# Ladies who wear bibs?



## jorgy

So I see all the menfolk seem to much prefer bibs. I've never tried them--kinda wonder about what to do if I have to pee. Also, I have boobs and wonder if the straps in front would be annoying. Plus, they tend to be quite pricey.

Was considering this pair, as they have quite a few positive reviews:
Giordana FR Carbon Bib Short women's compression bibs

What says the wimmins? Are bibs worth the money? What about the Voler bibs? Do I go for a whole Lounge kit or just the jersey?


----------



## allison

I love bibs, especially road riding. Typically when I have to pee we're stopped for food/fuel refill anyway, so it doesn't take too much extra time.
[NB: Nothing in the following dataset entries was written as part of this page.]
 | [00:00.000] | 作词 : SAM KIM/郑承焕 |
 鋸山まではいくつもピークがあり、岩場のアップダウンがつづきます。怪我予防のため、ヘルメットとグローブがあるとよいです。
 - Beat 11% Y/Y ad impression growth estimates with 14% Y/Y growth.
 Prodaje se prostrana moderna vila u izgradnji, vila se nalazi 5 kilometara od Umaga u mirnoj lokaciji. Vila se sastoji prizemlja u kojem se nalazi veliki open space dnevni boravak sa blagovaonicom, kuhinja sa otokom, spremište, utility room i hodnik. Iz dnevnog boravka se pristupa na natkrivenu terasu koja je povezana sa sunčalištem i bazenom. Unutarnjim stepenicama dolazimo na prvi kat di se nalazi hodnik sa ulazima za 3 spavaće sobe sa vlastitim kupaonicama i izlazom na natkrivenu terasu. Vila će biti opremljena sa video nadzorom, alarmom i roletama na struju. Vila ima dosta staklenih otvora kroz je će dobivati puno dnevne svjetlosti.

I find them to be super comfy. I typically ride/race in men's squadra bibs, but would much prefer women's (just not available to me right now), but I have had great luck wearing the Specialized women's bibs too. Just got a pair of the RBX bibs a month or two ago. Very comfy and not constricting at all. 

I've never had issues with the straps. 

Why do I like them? They just seem to hold everything real well!
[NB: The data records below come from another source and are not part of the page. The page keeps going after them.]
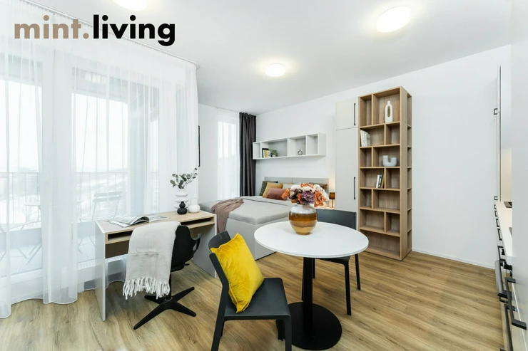 The unit has a spacious room with a kitchenette including all necessary appliances. Enjoy good night sleep in a comfortable bed with a quality mattress (we offer two possible bedroom arangements - a double bed or two separate beds for roommates). In the apartment you will also find a modern bathroom with a shower and a washing machine Other perks of the apartment include plenty of cleverly designed storage space and a TV. You will also appreciate the sunny loggia with seating area, especially during the summer months.
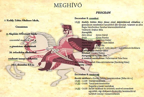 A Kodály Zoltán Gimnázium december 8-9-én ünnepli alapításának 20. évfordulóját, amelyre minden volt tanárát és diákját szeretettel várja. December 8-án este hat órakor Kodály Zoltán Háry János című daljátékának bemutatója lesz a Művészetek Házában. December 9-én pedig az iskolában lesznek a régi diákok osztálytalálkozói.
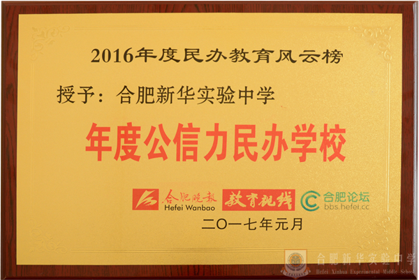 克日,,,,,,,,2016年度“民办教育风云榜”颁奖仪式在合肥盛大举行,,,,,,,,此次仪式由合肥论坛与合肥晚报团结主理。。。。。。。合肥新葡萄娱乐场798实验中学应邀加入本次颁奖仪式,,,,,,,,并获评“年度公信力学校”。。。。。。。
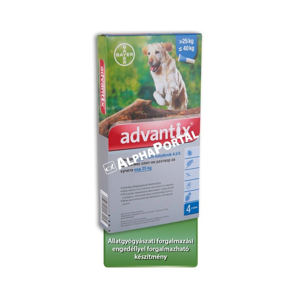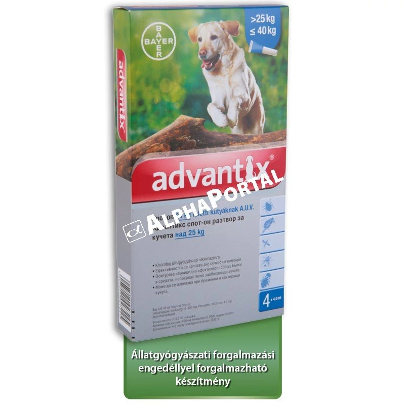 ["Az] Advantix 400 bolha- és kullancsirtó csepegtető oldat 25-40 kg-os kutya számára - 4x4 ml A bolhásság (Ctenocephalides felis, Ctenocephalides canis) kezelésére és megelőzésére, valamint szőrtetvesség (Trichodectes canis) kezelésére javasolt[élősködők elleni készítmény](%5C%22https://www.grandopet.hu/kutya/higienia-es-apolas/bolha-es-kullancs-ellenes-keszitmenyek?cat_dd=277%5C%22)az Advantix csepegtető oldat 25-40 kg testtömegű kutya számára adagolható. Az Advantix 400 bolha- és kullancsirtó csepegtetőoldat hatása A kutyán élősködő bolhák a kezelést követő egy napon belül elpusztulnak. - Egy kezelés 4 hétig véd az újrafertőződés ellen. - A készítmény felhasználható a bolhacsípés okozta allergiás bőrgyulladás (FAD) kezelési programjának részeként. - A termék négy héten át fennmaradó akaricid és repellens hatással rendelkezik: - Rhipicechalus sanguineus, - Ixodes ricinus kullancsok, - és három hétig tartó aktivitással rendelkezik Dermacentor reticulatus kullancsfaj esetén. - A kezelés időpontjában a kutyán lévő kullancsok a kezelés után még két napig is életben maradhatnak, láthatóak maradnak a kutya bőrébe fúródva. Ezért javasolt a kullancsok eltávolítása a kezelés időpontjában a további vérszívás megakadályozása céljából. Egy kezelés elegendő a repellens (táplálkozás ellenes) hatás eléréséhez: - Lepkeszúnyogok közül: - Phlebotomus papatasi ellen két hétig - Phlebotomus perniciosus ellen három hétig, - Szúnyogok közül: - Aedes aegypti esetén két hétig, - Celux pipiens esetén négy hétig, - Szuronyos istállólégy (Stomoxys calcitrans) ellen négy hétig. Az Advantix 400 bolha- és kullancsirtó csepegtető oldat ellenjavallatai - Rendelkezésre álló adatok hiányában a készítményt 7 hetesnél fiatalabb és 1,5 kg- nál kisebb testtömegű kutyakölykökön használni tilos! - A kutya testtömegének megfelelő Advantix készítményt kell alkalmazni. - Nem használható a hatóanyagokkal vagy segédanyagokkal szembeni ismert túlérzékenység esetén! - Macskáknak nem adható! (További információk ezzel kapcsolatban a Különleges figyelmeztetéseknél olvasható.) Az Advantix 400 bolha- és kullancsirtó csepegtető oldat mellékhatásai Nagyon ritkán előfordulhat kutyákon: - Átmeneti bőrérzékenység a kezelés helyén: - fokozott viszketegség, - vakarózás, - dörzsölés, - szőrhullás és kipirulás - vagy levertség, ami általában magától elmúlik. - Nagyon ritka esetekben magatartásválozás: - izgatottság, - nyugtalanság, - nyüszítés, - hempergőzés, - Gyomor- bélrendszeri tünetek: - hányás, - hasmenés, - nyálzás, - étvágycsökkenés - Neurológiai tünetek, mint: - bizonytalan mozgás, - rángatózás jelentkezhetnek azoknál a kutyáknál, amelyek érzékenyek a permetrinre. Ezek a tünetek általában átmenetiek és maguktól elmúlnak. Kutyákban a véletlen lenyelést követően mérgezés valószínűtlen, de nagyon ritkán előfordulhat: - Ebben az esetben idegrendszeri tünetek jelentkezhetnek, mint remegés és letargia. - A kezelés tüneti. - Nincs ismert antidótum. Ha bármilyen súlyos mellékhatást tapasztal, vagy olyan mellékhatást, ami itt nem szerepel, kérjük, keresse fel az állatorvost. Az Advantix 400 bolha- és kullancsirtó csepegtető oldat összetétele - Ható- és segédanyagok megnevezése:Imidakloprid 100 mg/ml, Permetrin 500mg/ml. - Segédanyagok:Butil- hidroxitoluol (E321) 1,0 mg/ml. Az Advantix bolha- és kullancsirtó csepegtető oldat alkalmazása - Célállatfajok:Kutya. - Kiszerelés:1x - Adagolás, alkalmazási módok célállat fajonként:Az ajánlott legkisebb adag 10mg/testtömeg kg (ttkg) imidakloprid és 50 mg/ttkg permetrin. Testtömeg (kg) Termék neve(ml) Térfogat (ml) Imidakloprid (mg/ttkg) Permetrin (mg/ttkg) ? 4 kg Advantix spot on 4 kg alatti kutyáknak A.U.V. 0,4 ml 10 Min. 50 > 4 ? 10 kg Advantix spot on 4-10 kg közötti kutyáknak A.U.V. 1,0 ml 10-25 50-125 > 10 ? 25 kg Advantix spot on 10-25 kg közötti kutyáknak A.U.V. 2,5 ml 10-25 50-125 > 25 ? 40 kg Advantix spot on 25 kg feletti kutyáknak A.U.V. 4,0 ml 10-16 50-80 40 kg testtömeg fölött a tubusok megfelelő kombinációját kell használni. Egyéb tudnivalók az Advantix 400 bolha- és kullancsirtó csepegtető oldat alkalmazásáról - A betelepülő új bolhák által bekövetkező újrafertőződés megakadályozása céljából az együtt élő valamennyi kutya egyidejű kezelése szükséges. - A háztartásban élő egyéb kedvenc állat kezelése is szükséges valamilyen megfelelő termékkel. - A környezetből való újrafertőződés visszaszorítására javasolt a kutya környezetének egyidejű kezelése bolhák és fejődési alakjaik ellen ható szerrel. - A termék hatékony marad akkor is, ha a kutya szőrzete benedvesedik. - A szőrzet hosszan tartó, intenzív átnedvesedését azonban el kell kerülni. - Gyakori vízzel való érintkezés esetén a készítmény hatékonysága csökkenhet. - Ilyen esetekben ne ismételjük a kezelést gyakrabban, mint hetente egyszer. Ha kutyát samponnal fürdetni szükséges, javasolt ezt az Advantix spot on kezelést megelőzően, vagy az után két héttel megtenni, a készítmény kielégítő hatékonyságának biztosítása érdekében. - Szőrtetű fertőzöttség esetén a kezelés után 30 nappal ismételt állatorvosi vizsgálat javasolt, mert néhány esetben második kezelésre is szükség lehet. - Élelmezés – egészségügyi várakozási idő: Nem értelmezhető. - A készítmény nem fogyasztható! Az Advantix bolha- és kullancsirtó csepegtető oldat használata Az Advantix bolha- és kullancsirtó csepegtető oldat külsőleg, csak ép bőrfelületen alkalmazható. Egy helyre ne nyomjon túl sok oldatot, nehogy az lecsorogjon a[kutya](%5C%22https://www.grandopet.hu/kutya%5C%22)oldalán. - Vegyen ki egy tubust

The only reason that shorts might be more appropriate would be for racing: I had a friend on a composite team with some of the fast pro 1/2 ladies, and at a nature break she was the only one in bibs. Took her a bit longer


----------



## Becky

I love bibs. There's no pressure around my waist, but there's nice even compression. If I'm doing a long ride, I'm wearing my bibs. As for boobs- I has them and there aren't any issues there. 

I wear full-zip jerseys with mine, just to make nature breaks easier when my pockets are full of stuff.


----------



## macscac

Can men with moobs participate in this thread?
Lol


----------



## jorgy

Thanks ladies! You've convinced me to give them a try. Course I have to get the matching full-zip jersey.


----------



## jorgy

macscac said:


> Can men with moobs participate in this thread?
> Lol


Only if you DON'T post pics!


----------



## il sogno

I wear em. I love em. I have found that the Voler bibs that come with the Lounge kits are very comfortable.


----------



## robdamanii

I know it's women's+ but my wife wears 'em and loves 'em.


----------



## jorgy

il sogno said:


> I wear em. I love em. I have found that the Voler bibs that come with the Lounge kits are very comfortable.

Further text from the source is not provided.